The Justice Department’s recent culture war adventures could not be better calculated to generate and perpetuate the mistrust and division successfully exploited by former President Trump. Some words of a successful constitution-maker about the separation of powers should be heeded. Charles De Gaulle, the founder of the Fifth French Republic, with its successful constitution, wrote in the last volume of his memoirs, published in 1962 “before the flood”:

America… has only two parties, which are opposed on none of the fundamental issues—nationhood, moral law, institutions, defense, freedom, ownership. It is a federation of states each of which, with its governor, its representatives, its judges, and its officials—all elected—takes upon itself responsibility for a large part of the immediate business of politics, administration, justice, public order, economy, health, education, etc. while the central government and Congress normally confine themselves to larger matters: foreign policy, civic rights and duties,, defense, currency, overall taxes and tariffs.  For these reasons, the system has succeeded in functioning up to now in the north of the New World. But where would it leave France, … a country the demands of whose unity coupled with the perpetual threats from outside have induced to centralize its administration to the utmost, thus making it ipso facto the target of every grievance?… The inevitable result would be either the submission of the President to the demands of the deputies or else a pronunciamento.

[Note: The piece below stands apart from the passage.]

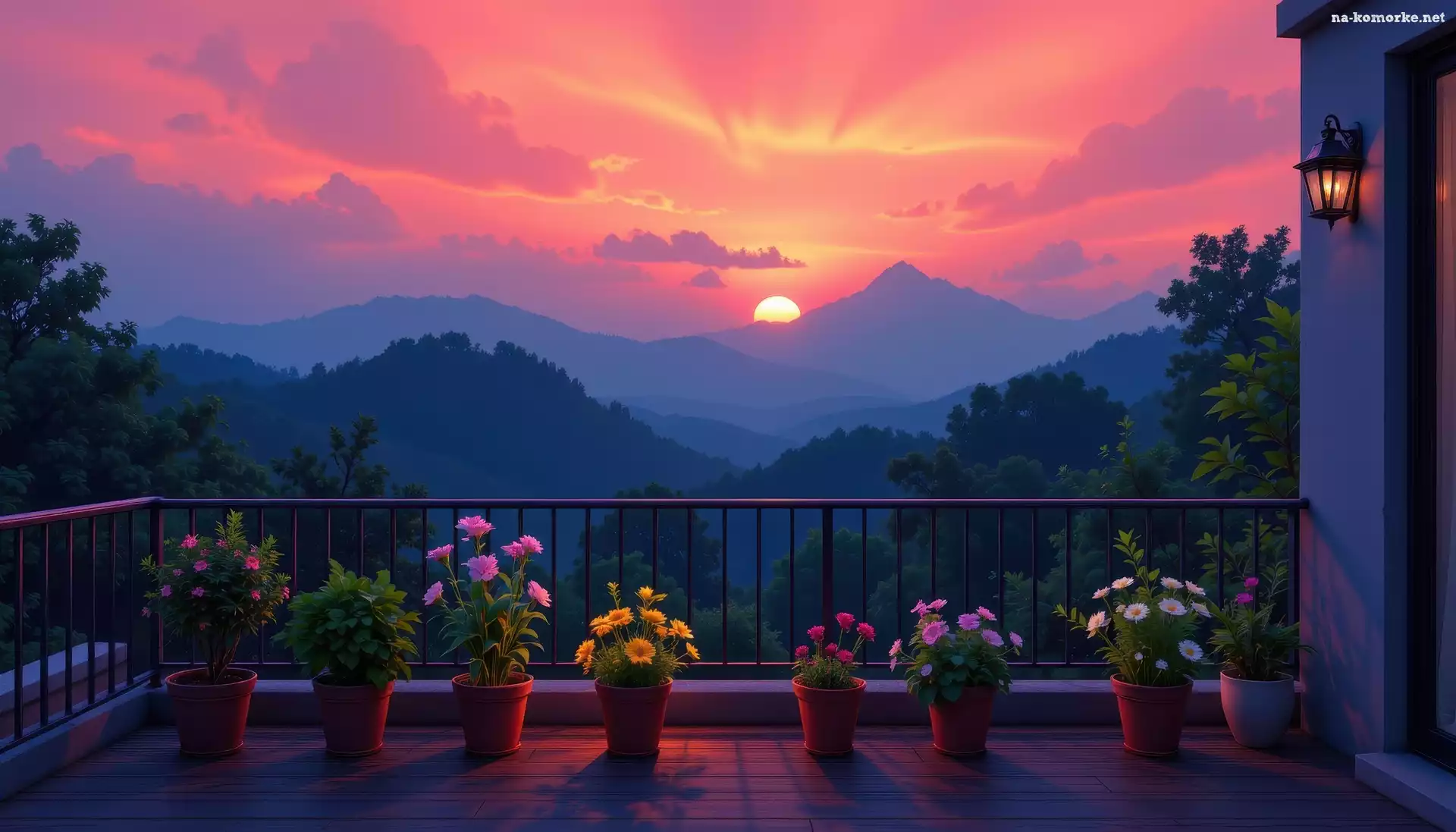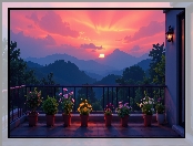 Kwiaty, Balkon, Zachód słońca, Doniczki, Góry na Komórkę

To these cautionary words should be added the warnings of Justice Jackson, in his last book, his oral history, and elsewhere, of the dangers of expanded federal criminal jurisdiction to the American system of government.

The United States has had three notable modern attorneys general: George Wickersham, Robert Jackson, and Edward Levi. Enough has been seen to determine Merrick Garland will not take a place among them.

George Liebmann is president of the Library Company of the Baltimore Bar and the author of The Common Law Tradition: A Collective Portrait of Five Legal Scholars (Transaction Books, 2005), one of them Edward Levi.